A Practical Guide to Transition your Business into the Cloud – Pt.1

616[2]Martin Moran, Executive VP Global Selling Services, ServiceSource

Throughout history, we’ve seen many examples of companies – or whole industries – confronted with the stark new realities associated with emerging technologies and shifting market trends. Faced with strong resistance and insurmountable challenges, these companies needed to make some very painful decisions to reinvent themselves and remain relevant.

Several years ago, both Apple and Kodak were confronting daunting challenges in rapidly changing marketplace. Kodak, the preeminent camera company, was quickly facing obsolesce with the advent of digital cameras. In the same way, Apple faced obsolescence from the personal computer industry dominated by the Wintel (Microsoft +Intel) monopoly.

Standing at the crossroads, Apple and Kodak asked themselves: Where is the market going? Is my existing business model still relevant? Will my employees and sales force adapt to a new culture? Are my internal systems and technologies aligned? And most importantly, will my customers follow?

Apple embraced innovation and made bold moves, rethinking its core business model, culture and internal processes. Kodak, on the other hand, only took half-measures – even though they held critical patents for digital cameras. We know how this story played out within the marketplace resulting in one spectacular success, and the other in bankruptcy.

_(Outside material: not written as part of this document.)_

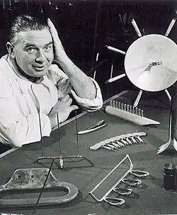 Auböck also studied 1951 at Massachusetts Institute of Technology where he met Ludwig Mies van der Rohe, Walter Gropius, Ray Eames, and Charles Eames.[3] These figures inspired Auböck to integrate American trends in the products designed at the workshop, making them more international and modern.[3] Under his direction, the workshop achieved international status and started collaborating with other design houses such as Hermès and Pierre Cardin.[12] Auböck has also designed for other companies such as Neuzeughammer Ambosswerke, Reichert, Tyrolia, Otto Groh, and Ostovics Tischkultur.[3] He taught industrial design at the University of Applied Arts Vienna in 1997 and served as the president of the Austrian Design Institute.[3]

Today, we’re witnessing a similar transformation within the technology industry. The rapid ascent of cloud computing has fundamentally turned the IT industry on its head. In particular, the legacy software and hardware vendors, which have dominated the past two decades with premise-based business models, are facing pressure by faster, more nimble best-in-class software as a service (SaaS) companies.

As companies increasingly replace application, server and networking infrastructure with cloud services, existing IT vendors are facing a dwindling IT spending pie. Similarly, the cloud-based delivery of software is democratizing the technology spend, allowing employees and managers to whip out their credit cards and procure services from the emerging class of SaaS providers, without going through IT.

In 2012, cloud subscription revenues experienced a whopping 22.7 percent average growth rate.[1] Compare these double-digit growth rates with flat growth for companies whose primary revenue streams today are in on-premise technology and maintenance and support revenues.[2] As companies become more reliant on cloud-based resources and less dependent on traditional IT, vendors are now facing a their own fork in the road. Although the impact on established vendors is slight today, by 2016, the pain will be visibly evident[3].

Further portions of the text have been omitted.